The passive radiative cooling (PRC) material, developed at the City University of Hong Kong (CityU), could be applied to buildings to reduce demands on energy-intensive cooling processes.
“By reducing the thermal load of buildings and providing stable cooling performance, even in diverse weather conditions in all climates, cooling ceramic enhances energy efficiency and can combat global warming,” the researchers said.
PRC is considered one of the most promising green cooling technologies for curbing soaring demand for space cooling and reducing environmental pollution, said Professor Edwin Tso Chi-yan, one of the corresponding authors of a paper on the work.
Current PRCs use nanophotonic structures that are limited by high cost and poor compatibility with applications, however, while polymeric photonic alternatives lack weather resistance and effective solar reflection.
“Our cooling ceramic achieves advanced optical properties and has robust applicability,” said Professor Tso. “The colour, weather resistance, mechanical robustness and ability to depress the Leidenfrost effect – a phenomenon that prevents heat transfer and makes liquid cooling on the hot surface ineffective – are key features ensuring the durable and versatile nature of the cooling ceramic.”

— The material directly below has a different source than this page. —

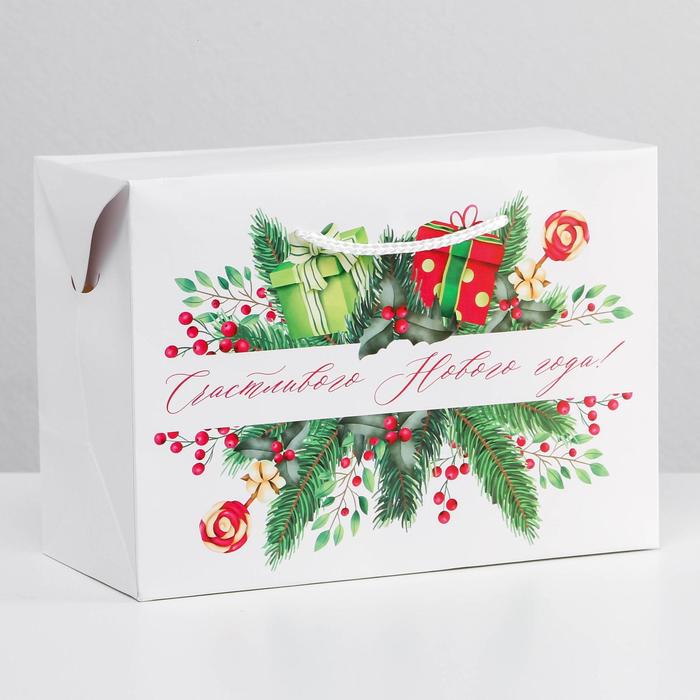 Пакет-коробка «Счастливого Нового года», 28 х 20 х 13 см

The new material has a ‘hierarchically porous’ structure as a bulk ceramic material, which is easily fabricated using accessible inorganic materials such as aluminium oxide (also known as alumina), through a simple two-step process involving phase inversion and sintering. No delicate equipment or costly materials are required, the researchers claimed, making scalable manufacturing feasible.
By mimicking the bio-whiteness of the Cyphochilus beetle and optimising the porous structure, the cooling ceramic efficiently scatters almost all the wavelength of sunlight, reportedly resulting in near-ideal solar reflectivity of 99.6% and a high mid-infrared thermal emission of 96.5%. These optical properties surpass those of current state-of-the-art materials, the team said.
“The cooling ceramic is made of alumina, which provides the desired UV resistance degradation, which is a concern typical of most polymer-based PRC designs. It also exhibits outstanding fire resistance, by withstanding temperatures exceeding 1,000°C, which surpasses the capabilities of most polymer-based or metal-based PRC materials,” said Professor Tso.
The researchers said that beyond its exceptional optical performance, the cooling ceramic exhibits excellent weather resistance, chemical stability and mechanical strength.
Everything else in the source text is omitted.